Conflicting data exist in the literature regarding combination strategies for treating CRAB infections. A large network meta-analysis including 18 studies (7 RCTs and 11 observational studies) and 1835 patients with CRAB infections recently evaluated the efficacy of high-dose sulbactam versus polymyxin-based combinations [14]. No treatment regimen was associated with improved all-cause mortality. Colistin with sulbactam or carbapenem was associated with lesser nephrotoxicity in relation to other regimens. Clinical cure and improvement were better with high-dose sulbactam with carbapenem or levofloxacin compared to colistin alone (RR 2.95, 95% CI 1.03–8.40) or colistin in combination with high-dose sulbactam (RR 2.30, 95% CI 0.79–6.66). However, these findings need a cautious interpretation in view of the limited number of patients in the sulbactam group.
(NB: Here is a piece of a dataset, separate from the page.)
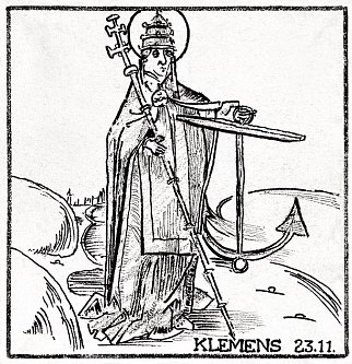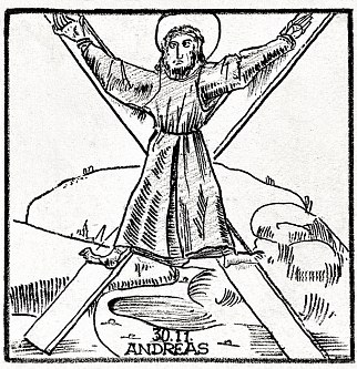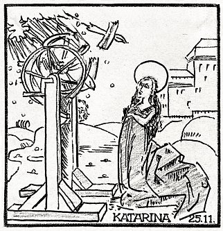 Motiverne er træsnit fra bogen "Das Passionael", den nedertyske udgave af "Leganda Aurea", trykt i Lübeck 1492. Billederne er gengivet som små vignetter i Ture Gads bog "Helgener. Legender fortalt i Norden" fra 1971, og det er herfra, Meister har tegnet dem og tilføjet datoer og navne.

A second network meta-analysis, utilising the Bayesian approach, reported on 2118 adult patients with Acinetobacter spp. pneumonia from 23 studies [15]. The meta-analysis included patients with MDR Acinetobacter spp. in general and did not prespecify carbapenem-resistant isolates alone. The overwhelming majority of patients included in the analysis received colistin alone or in combination with carbapenems. Sulbactam alone was superior to colistin monotherapy but not to high-dose sulbactam therapy. The authors attributed these contradictory findings to probable high rates of sulbactam resistance in the included studies. A third meta-analysis including 29 studies with 2529 patients also reported no difference in mortality rates between the various treatments [16].

Sulbactam susceptibility cannot be assumed in many areas with CRAB infections globally. The current CLSI susceptibility cut-off for sulbactam is 4 mg/l, based on ampicillin-sulbactam at maximum approved doses of 3 g (2 g ampicillin and 1 g sulbactam) every 6 h [8]. Among a global collection of 1722 Acinetobacter isolates, only about half were susceptible [3]. Among carbapenem-resistant isolates, the proportion was close to 90%. Even after increasing the dose (3 g every 8 hourly) and infusion time (4 h), PK/PD targets may not be achieved in more than half the patients with sulbactam MICs ≥ 32 mg/l [17, 18]. This will be 88% of our testing isolates. The clinical experience with sulbactam among patients with such high MICs is also limited. Importantly, the susceptibilities for minocycline and tigecycline are also not high in many areas with high CRAB rates.

Our study has two potential implications. Within the limitations of the study design, in areas with high rates of partner drug resistance, “Combination therapy in CRAB requires further evaluation in randomized controlled trials, as the available trials show no benefit and the current data for potential benefit is from uncontrolled and often unadjusted observational data.” Also, when evaluating novel agents like sulbactam durlobactam, the standard of care antibiotic needs to be decided based on local resistance patterns. Polymyxins probably should be studied as a standard of care in areas with high sulbactam MICs. Novel approaches like the Personalised RAndomised Controlled Trial (PRACTical) design can accommodate such different standards of care within a single trial [19].

Limitations

Our study has several limitations. Observational design, despite the efforts for matching, may be misleading in evaluating interventions. The sample size in our study is relatively small. The timing and use of specific combination agents were not predetermined, which can lead to bias. Our index date for outcome analysis was the date when the positive sample was collected and not the initiation of therapy.

Conclusions

In summary, we suggest caution in the routine use of combination therapy for serious CRAB infections in areas with high rates of sulbactam, minocycline, and tigecycline resistance.